Unnamed: 0,Cluster#,Postcode,Borough,Neighbourhood,Latitude,Longitude
17,0,M2H,North York,Hillcrest Village,43.803762,-79.363452
18,0,M2J,North York,"Fairview, Henry Farm, Oriole",43.778517,-79.346556
19,0,M2K,North York,Bayview Village,43.786947,-79.385975
20,0,M2L,North York,"Silver Hills, York Mills",43.75749,-79.374714
21,4,M2M,North York,"Newtonbrook, Willowdale",43.789053,-79.408493
22,4,M2N,North York,Willowdale South,43.77012,-79.408493
23,4,M2P,North York,York Mills West,43.752758,-79.400049
24,4,M2R,North York,Willowdale West,43.782736,-79.442259
25,3,M3A,North York,Parkwoods,43.753259,-79.329656
26,3,M3B,North York,Don Mills North,43.745906,-79.352188


In [155]:
import matplotlib.cm as cm
import matplotlib.colors as colors
# create map
map_clusters = folium.Map(location=[43.737473, -79.464763],zoom_start=10)

# set color scheme for the clusters
x = np.arange(k)
ys = [i + x + (i*x)**2 for i in range(k)]
colors_array = cm.rainbow(np.linspace(0, 1, len(ys)))
rainbow = [colors.rgb2hex(i) for i in colors_array]

# add markers to the map
markers_colors = []
for lat, lon, neighbourhood, cluster in zip(dfNorthYork['Latitude'], dfNorthYork['Longitude'], dfNorthYork['Neighbourhood'], dfNorthYork['Cluster#']):
    label = folium.Popup(' Cluster ' + str(cluster), parse_html=True)
    folium.CircleMarker(
        [lat, lon],
        radius=5,
        popup=label,
        color=rainbow[cluster-1],
        fill=True,
        fill_color=rainbow[cluster-1],
        fill_opacity=0.7).add_to(map_clusters)
       
map_clusters

## The map might not be visible on Github. Check out the README for the map.

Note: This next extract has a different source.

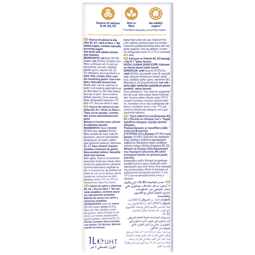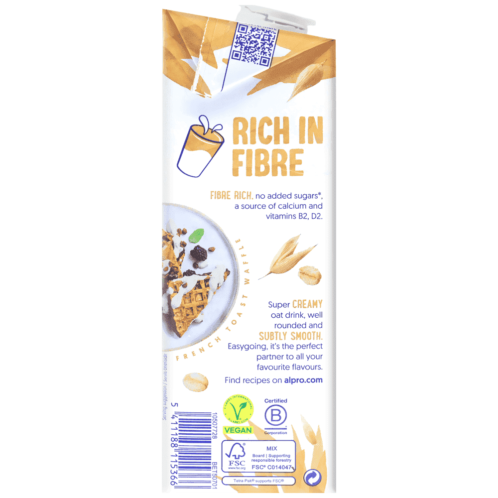 Αυτά τα μικροσκοπικά δημητριακά είναι εκ φύσεως πλούσια σε φυτικές ίνες, βιταμίνη Β, μέταλλα και ασβέστιο*, χωρίς πρόσθετα σάκχαρα και χωρίς καθόλου πρόσθετα γλυκαντικά. Έτσι, μπορείς να απολαύσεις το Ρόφημα βρώμης Alpro χωρίς ενοχές!
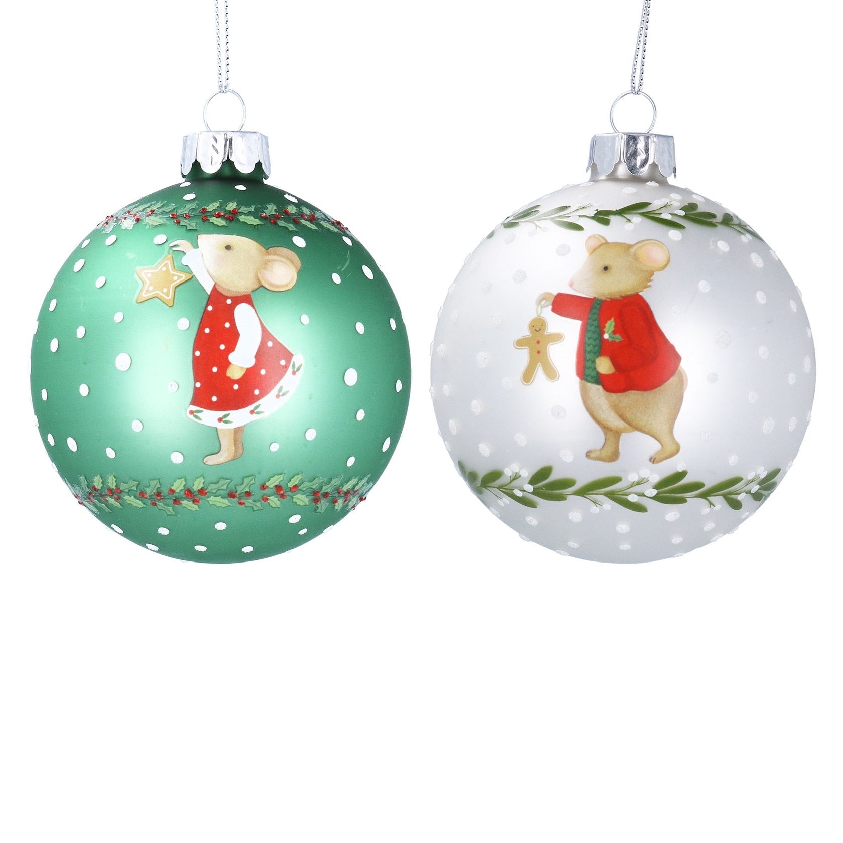 Gisela Graham Holly & Alfie Mouse Christmas Decoration - 2 colours

As can be seen from the map, there are 5 clusters in North York. They may be explained by the fact that for the clustering we have used only geolocation data. Geography of the region and Zoning By-law are major causes of this clustering of North York's neighbourhoods.